● Action item: Please transcribe exactly the lines from the first line of the records below through the line containing "Schedpol New Horizons", including both, and omit all pictures.

● Source material:
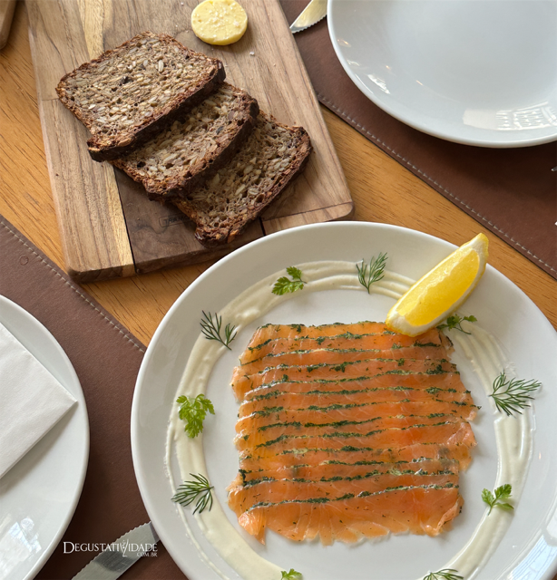 Teve cliente que encomendou meio quilo de gravlax salmão curado com mostarda dijon e dill. A entrada (R$78) acompanha creme azedo e pão de alecrim.
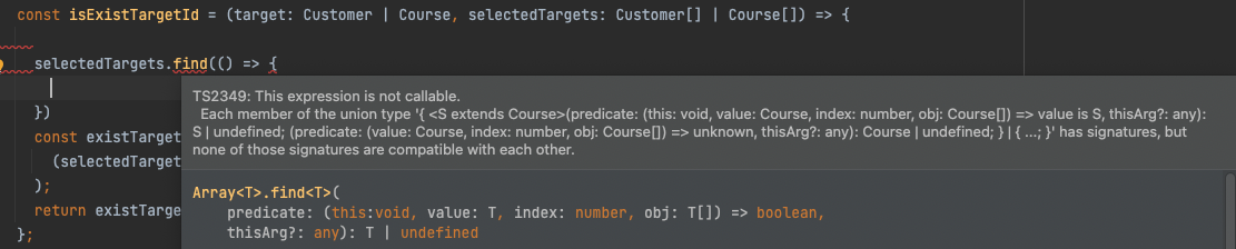 const isExistTargetId = (target: Customer | Course, selectedTargets: (Customer | Course)[]) => { const existTargetIndex = selectedTargets?.findIndex( (selectedTarget: Customer | Course) => selectedTarget?.id === target?.id, ); return existTargetIndex > -1; };참고로 현재는 (Customer[] | Course[]) 이런식으로 썼을 때 findIndex는 저런 에러가 발생하지 않고 잘 되고, find 는 지원하지 않는다.
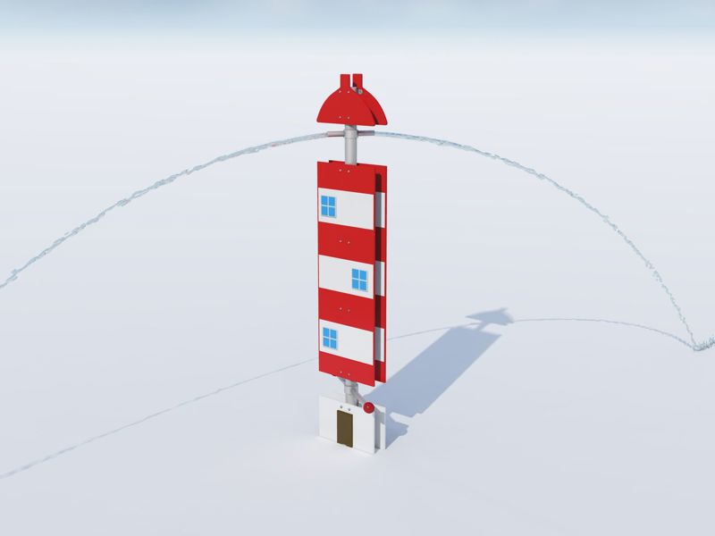 Watch out the Coast is near. Sport the 3m Tall Lighthouse Spray. Turn the handles and spin the Light. Make sure you warn your friends by getting them soaked!
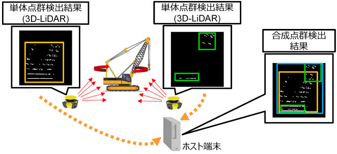 OKIのAIエッジコンピュター「AE2100」上で動作可能な、軽量で高精度な物体検出・追跡技術を実現し、さらに、複数センサーを連携することによる広域監視技術を開発している(図7)。特長としては、個別のセンサーに付随するAE2100で処理した物体検出結果をホスト端末に送信して統合する方式で、検出物体の点群データもホスト端末に送信して合成することにより、重機の形状判別などのより高度な分析が可能となる点が挙げられる。
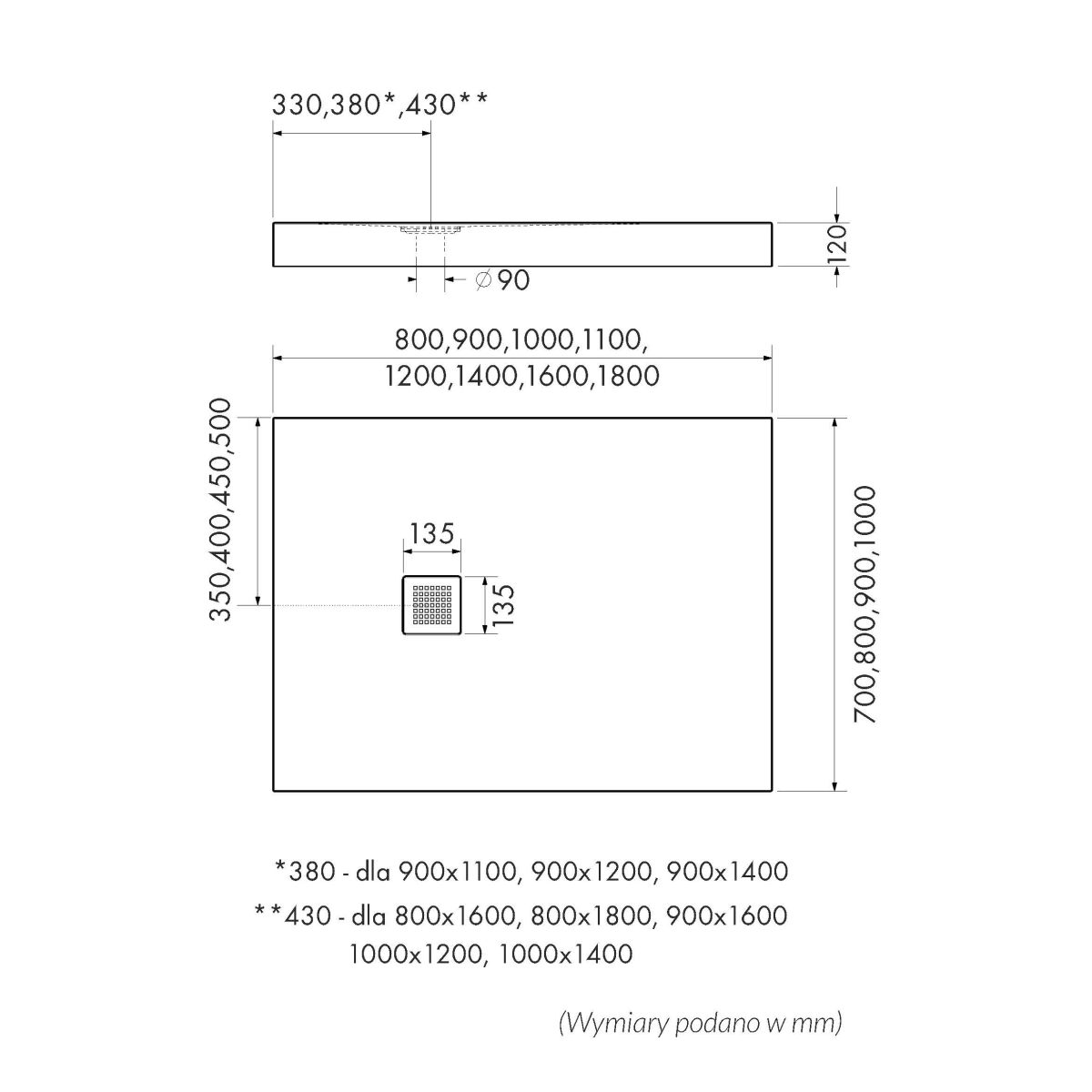 Schedpol New Horizons White Stone plato de ducha rectangular + rejilla 90x70 cm blanco 3.3333/B/ST-M2
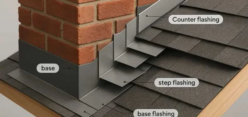 Step flashing tucks under each shingle course along the chimney sides. Counterflashing locks into mortar joints and overlaps those steps. In Edenbridge-Humber Valley, Etobicoke the overlap must be precise to block wind-driven rain. We avoid shortcuts like exposed face-nailing that can loosen and leak later.
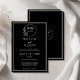 Elegant Black and White Floral Monogram Wedding Invitation. Announce your upcoming marriage with this beautiful minimalist designed wedding invitation. The deep black background provides a striking contrast to the charming script font used for your custom names and the delicate floral accents. A distinguished greenery monogram at the top adds a personal touch, making this invitation uniquely yours. Every detail, from the date and time to the reception information, is presented with clarity and style, creating an unforgettable first impression for your guests.
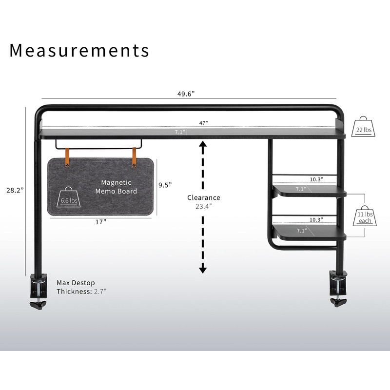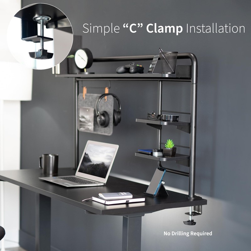 - Clamp-on Design - Heavy-duty C-clamps hold the shelving system securely in place without damaging your desktop (fits desks up to 2.7 in thickness). No drilling or tools are required for installation, and the clamps contain padding to protect your table surface.
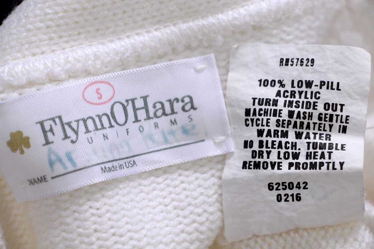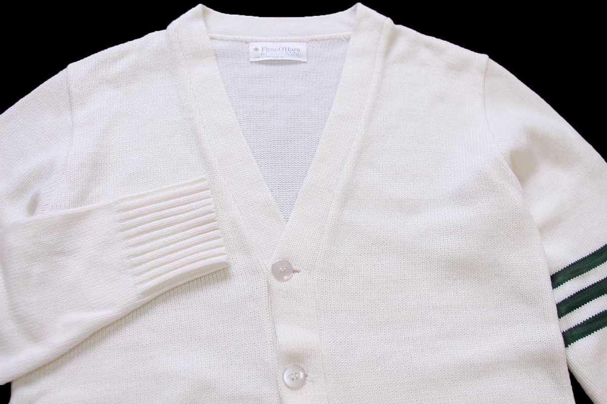 USA製 FlynnO'Hara アクリルニット レタードカーディガン ホワイト S
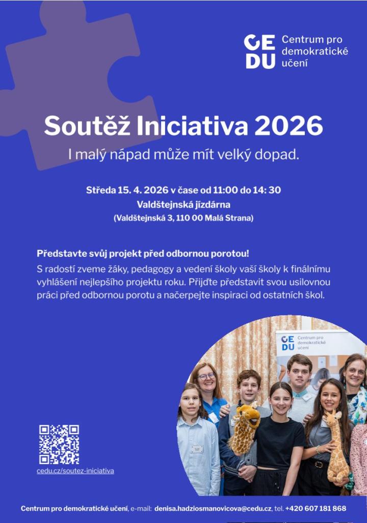Ve středu 15.4.2026 se naši žáci (loňský 5. ročník) zúčastní v Praze finále 15. ročníku Soutěže Iniciativa o tvorbě filmového dokumentu "Sedm životů - jeden domov" o choryňských seniorech. Aktuálně probíhá hlasování veřejnosti, které má vliv na celkové bodové hodnocení finálové desítky (viz odkaz)
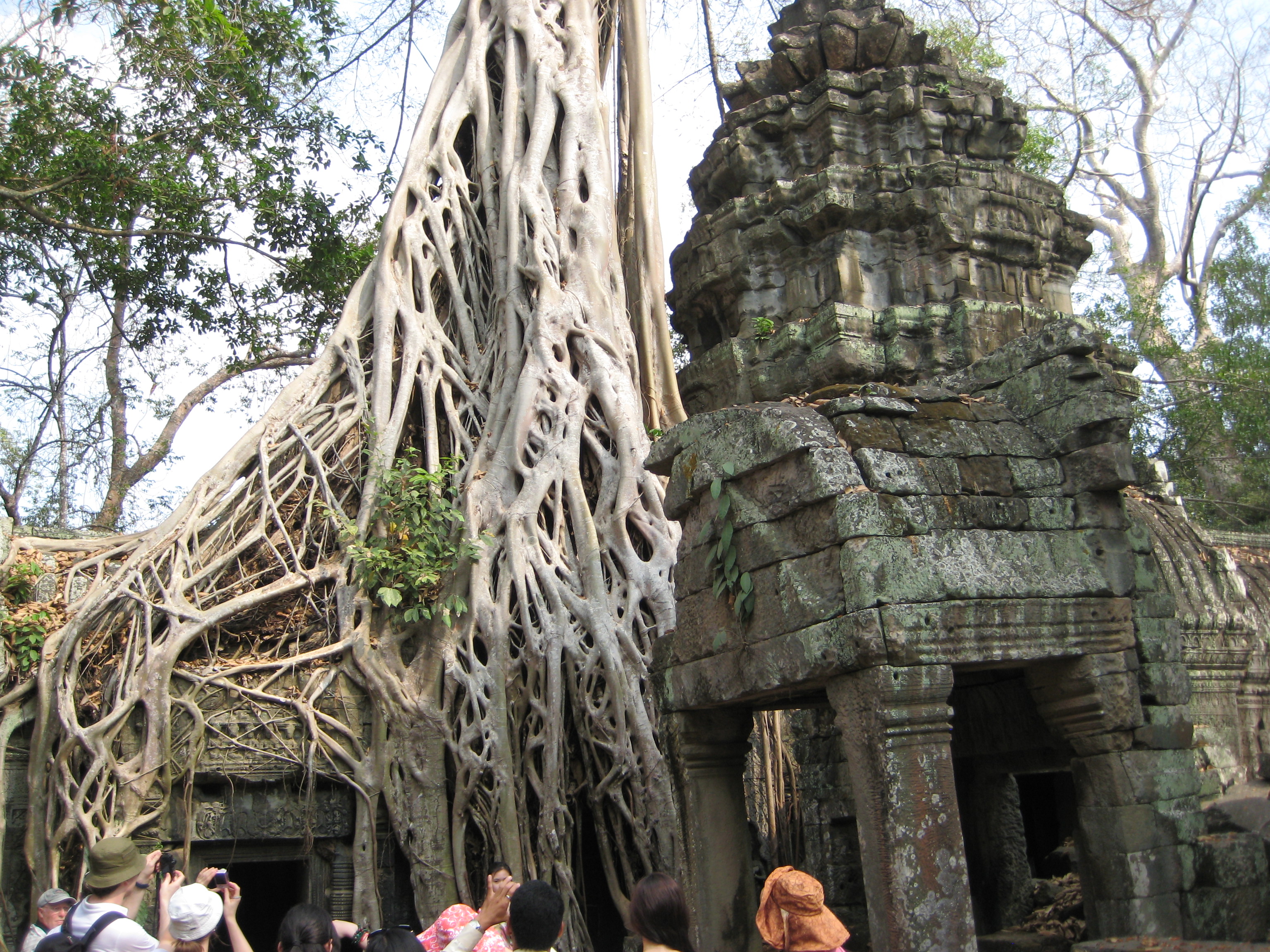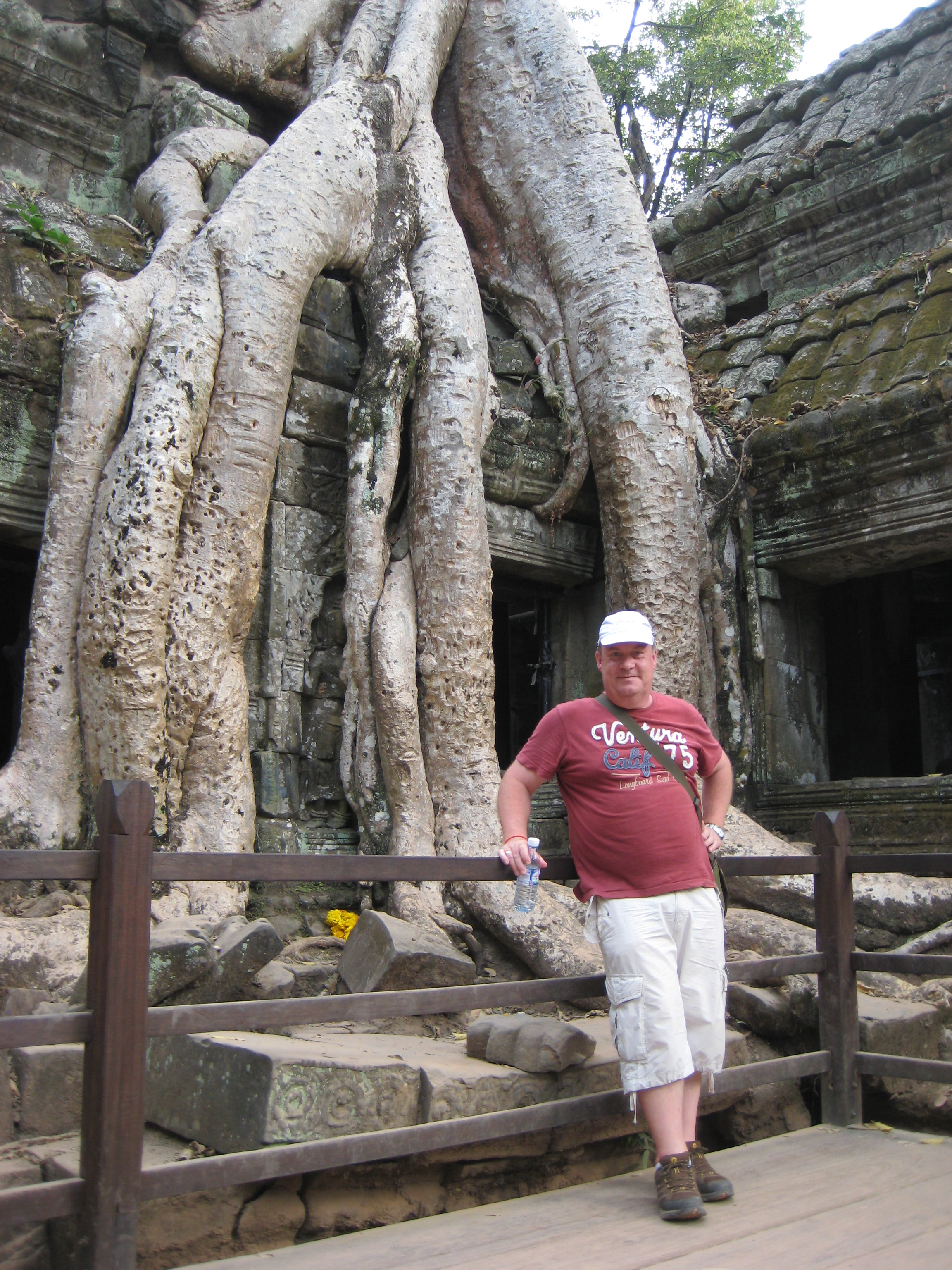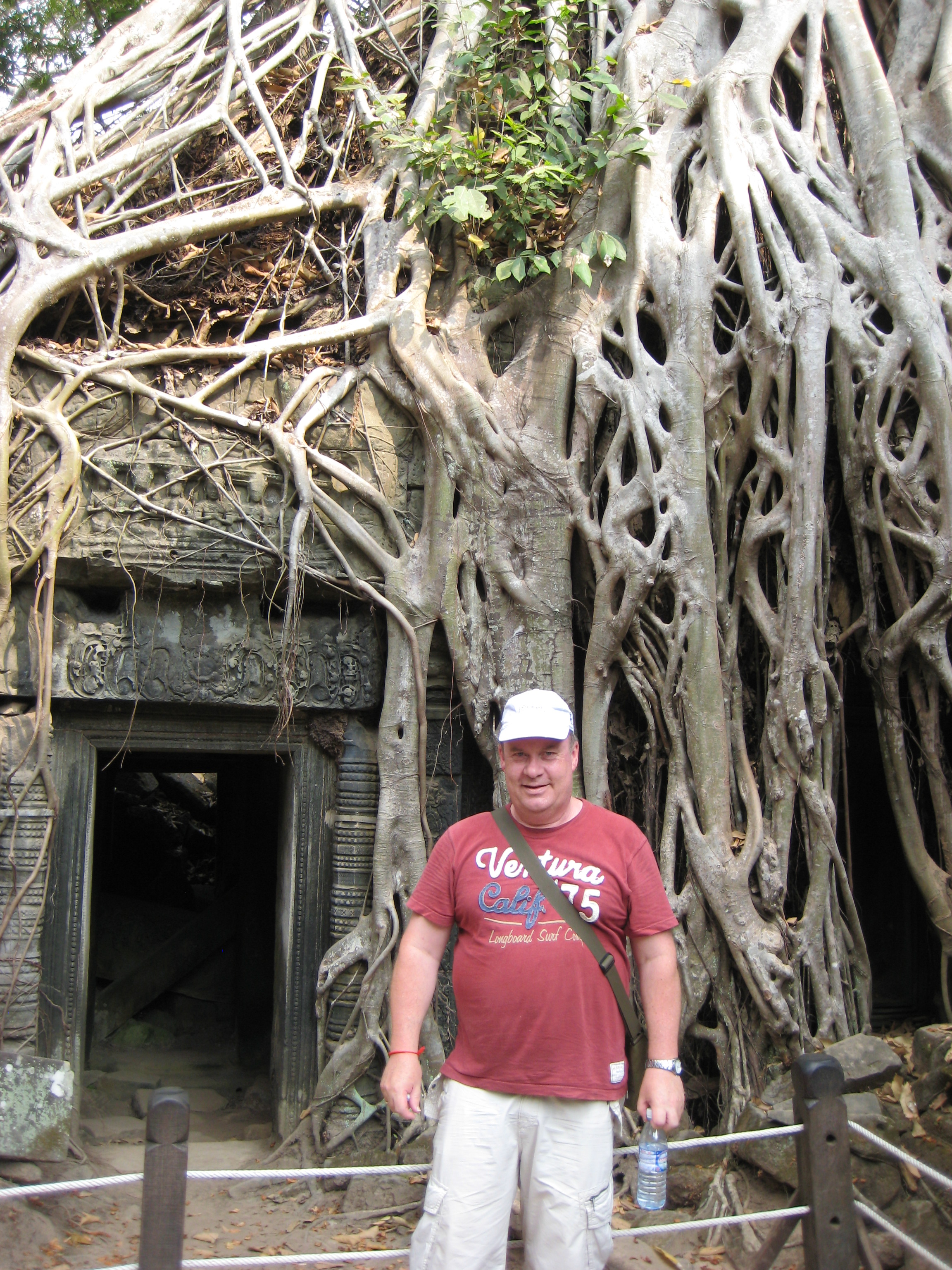 After lunch we headed to the jungle temple of Ta Prohm or better known from the film Lara Croft: Tomb Raider. Unlike most Angkor temples, Ta Prohm has been left in much the same condition in which it was found. The jungle has not been removed and the trees are growing out of the ruins. In fact the interwoven relationship between tree and stone means that in several place the trees are actually holding the temple up. It was also a very rich temple, and at the very heart is a chamber with walls filled by holes the size of golf balls. At one time these holes were filled with all types of jewels that encrusted the entire chamber. It was amazing to climb among the ruins and getting the feeling of what it must have been like to discover Angkor Wat.

● Answer section:
 Teve cliente que encomendou meio quilo de gravlax salmão curado com mostarda dijon e dill. A entrada (R$78) acompanha creme azedo e pão de alecrim.
 const isExistTargetId = (target: Customer | Course, selectedTargets: (Customer | Course)[]) => { const existTargetIndex = selectedTargets?.findIndex( (selectedTarget: Customer | Course) => selectedTarget?.id === target?.id, ); return existTargetIndex > -1; };참고로 현재는 (Customer[] | Course[]) 이런식으로 썼을 때 findIndex는 저런 에러가 발생하지 않고 잘 되고, find 는 지원하지 않는다.
 Watch out the Coast is near. Sport the 3m Tall Lighthouse Spray. Turn the handles and spin the Light. Make sure you warn your friends by getting them soaked!
 OKIのAIエッジコンピュター「AE2100」上で動作可能な、軽量で高精度な物体検出・追跡技術を実現し、さらに、複数センサーを連携することによる広域監視技術を開発している(図7)。特長としては、個別のセンサーに付随するAE2100で処理した物体検出結果をホスト端末に送信して統合する方式で、検出物体の点群データもホスト端末に送信して合成することにより、重機の形状判別などのより高度な分析が可能となる点が挙げられる。
 Schedpol New Horizons White Stone plato de ducha rectangular + rejilla 90x70 cm blanco 3.3333/B/ST-M2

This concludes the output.